Advertisement

Amazon community battles Chinese oil firm: ‘Rainfall tastes like coal’

  • Local people object to widespread practice of flaring, where natural gas produced from oil wells is burned
  • Indigenous Waorani say smoke produced is contaminating their land and water sources

Reading Time:2 minutes
Why you can trust SCMP
The Waorani is a community of around 5,000 people, owning around 800,000 hectares of land. Photo: AFP

Indigenous Waorani from Ecuador’s Amazon filed a lawsuit on Thursday against state-owned Chinese oil company PetroOriental, accusing it of contaminating their ancestral lands by burning off natural gas from oil wells in a process known as flaring.

Advertisement

Leaders of the Waorani village of Miwaguno went to a court in Francisco de Orellana, the main town of Orellana province east of Quito, to file the lawsuit “as victims”.

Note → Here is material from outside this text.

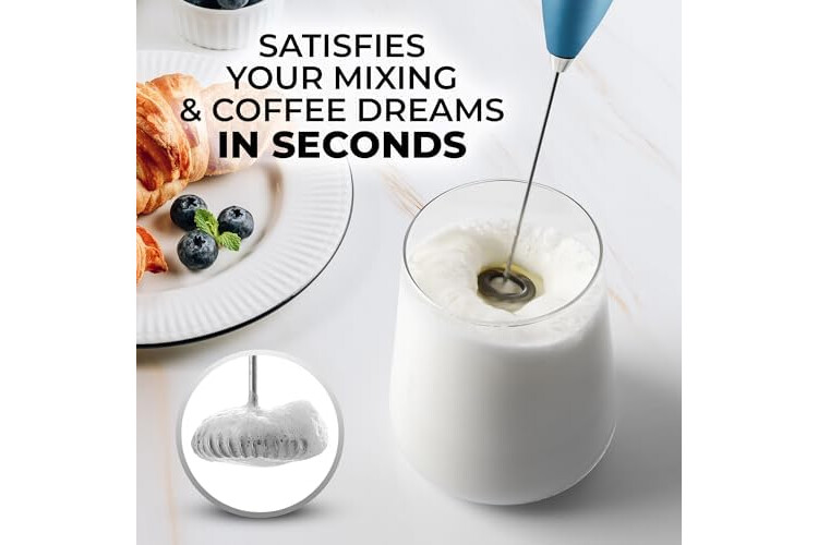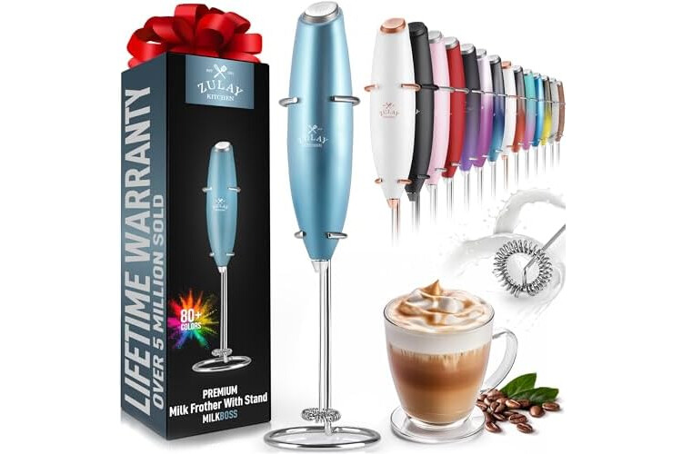 Zulay Kitchen Powerful Milk Frother Wand - Ultra Fast Handheld Drink Mixer - Electric Whisk Foam Maker for Coffee, Lattes, Cappuccino, Frappe, Matcha & Coffee Creamer - Milk Boss Metallic Ice Blue

“We have seen our way of life altered forever,” the community stated in the complaint. “Our very survival is threatened as a result of climate change.”

The local people are objecting to the widespread practice of flaring, where oil producers – in this case PetroOriental – deliberately burn off millions of cubic meters of natural gas produced from oil wells.

Environmentalists say the province of Orellana has a high concentration of oil burners, and the Waorani say the smoke produced is contaminating their land and water sources.

“The rainfall tastes like coal. We still use it because we don’t have drinking water,” said Menare Omene, a 52-year-old Waorani woman, whose community of about 150 people presented the complaint.